(Beginning of RECORDED DATA)

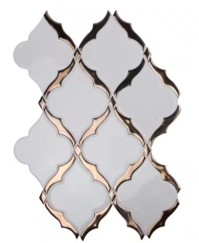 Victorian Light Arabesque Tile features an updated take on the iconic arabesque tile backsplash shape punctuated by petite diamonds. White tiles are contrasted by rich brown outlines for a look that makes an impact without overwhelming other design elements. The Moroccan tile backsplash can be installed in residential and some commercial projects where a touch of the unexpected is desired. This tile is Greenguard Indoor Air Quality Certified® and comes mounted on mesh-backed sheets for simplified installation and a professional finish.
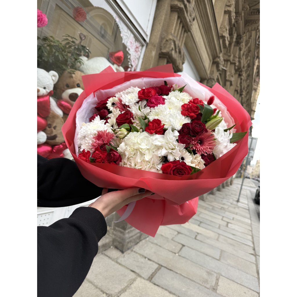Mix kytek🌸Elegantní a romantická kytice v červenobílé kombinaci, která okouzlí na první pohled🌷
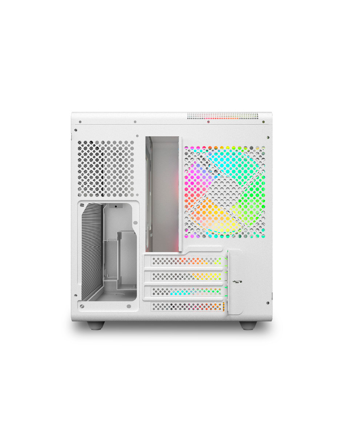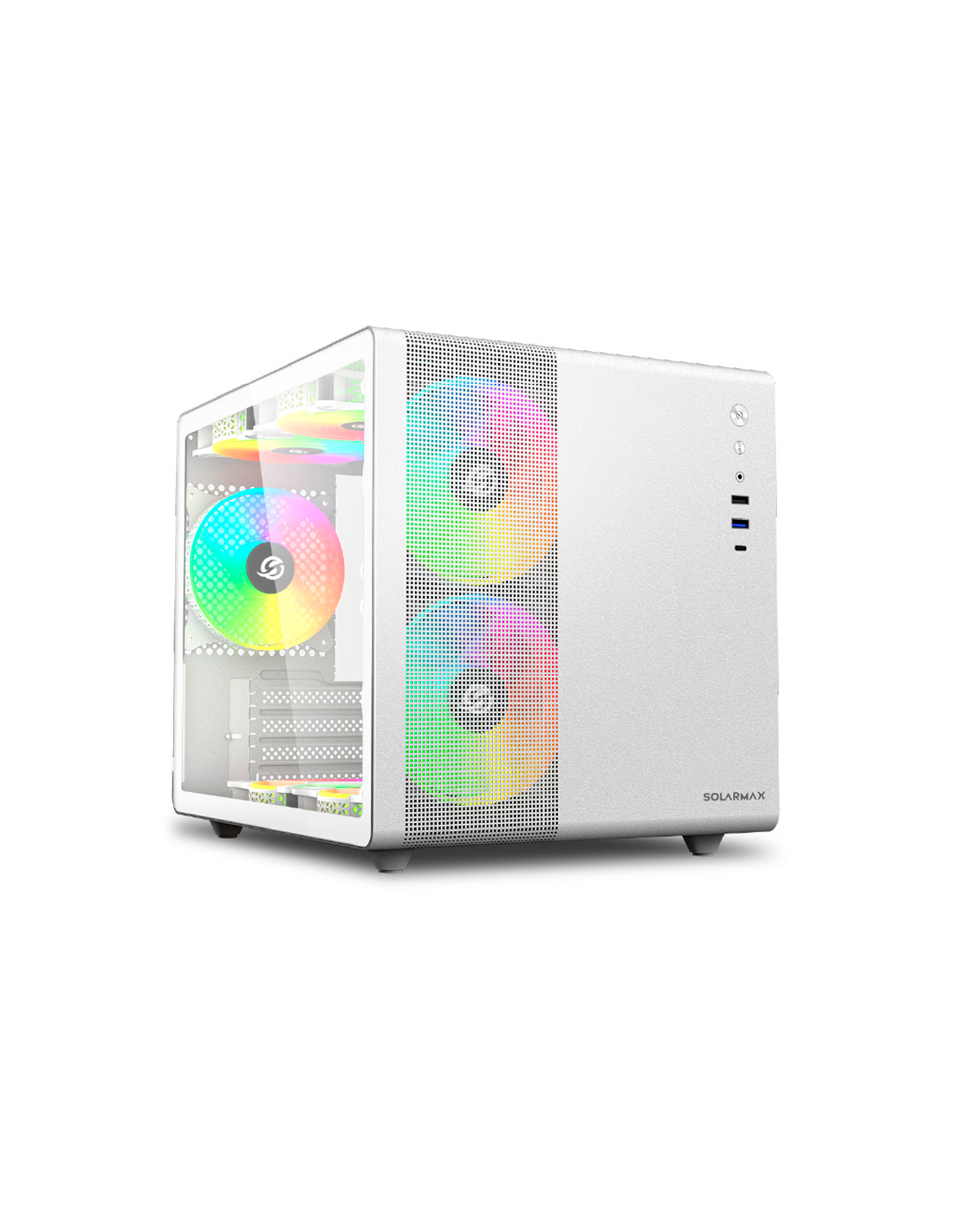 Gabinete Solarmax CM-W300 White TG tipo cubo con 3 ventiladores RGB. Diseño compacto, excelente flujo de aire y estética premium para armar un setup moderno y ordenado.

(End of RECORDED DATA)
(Beginning of RECORDED DATA)

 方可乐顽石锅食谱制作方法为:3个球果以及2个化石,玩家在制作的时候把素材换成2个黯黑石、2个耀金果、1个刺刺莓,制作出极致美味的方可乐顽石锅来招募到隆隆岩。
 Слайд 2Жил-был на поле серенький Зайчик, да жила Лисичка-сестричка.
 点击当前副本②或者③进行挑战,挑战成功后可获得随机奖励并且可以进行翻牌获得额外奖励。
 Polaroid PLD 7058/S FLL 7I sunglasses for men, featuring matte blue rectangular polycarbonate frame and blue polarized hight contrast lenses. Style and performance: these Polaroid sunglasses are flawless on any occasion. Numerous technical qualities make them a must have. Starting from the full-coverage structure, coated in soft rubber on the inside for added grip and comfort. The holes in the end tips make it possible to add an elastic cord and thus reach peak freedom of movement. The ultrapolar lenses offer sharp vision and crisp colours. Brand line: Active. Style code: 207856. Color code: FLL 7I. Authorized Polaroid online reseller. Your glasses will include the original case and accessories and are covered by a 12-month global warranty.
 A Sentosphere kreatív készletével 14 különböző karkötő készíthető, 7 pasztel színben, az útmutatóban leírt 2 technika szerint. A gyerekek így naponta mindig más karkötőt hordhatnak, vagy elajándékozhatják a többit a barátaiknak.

(End of RECORDED DATA)

**WHAT THIS TASK INVOLVES**
Every line above between the one containing "Victorian Light Arabesque" and the one containing "Gabinete Solarmax CM-W300", those two included, is to be printed exactly. No pictures go into the copy.

**ANSWER BOX**
 Victorian Light Arabesque Tile features an updated take on the iconic arabesque tile backsplash shape punctuated by petite diamonds. White tiles are contrasted by rich brown outlines for a look that makes an impact without overwhelming other design elements. The Moroccan tile backsplash can be installed in residential and some commercial projects where a touch of the unexpected is desired. This tile is Greenguard Indoor Air Quality Certified® and comes mounted on mesh-backed sheets for simplified installation and a professional finish.
Mix kytek🌸Elegantní a romantická kytice v červenobílé kombinaci, která okouzlí na první pohled🌷
 Gabinete Solarmax CM-W300 White TG tipo cubo con 3 ventiladores RGB. Diseño compacto, excelente flujo de aire y estética premium para armar un setup moderno y ordenado.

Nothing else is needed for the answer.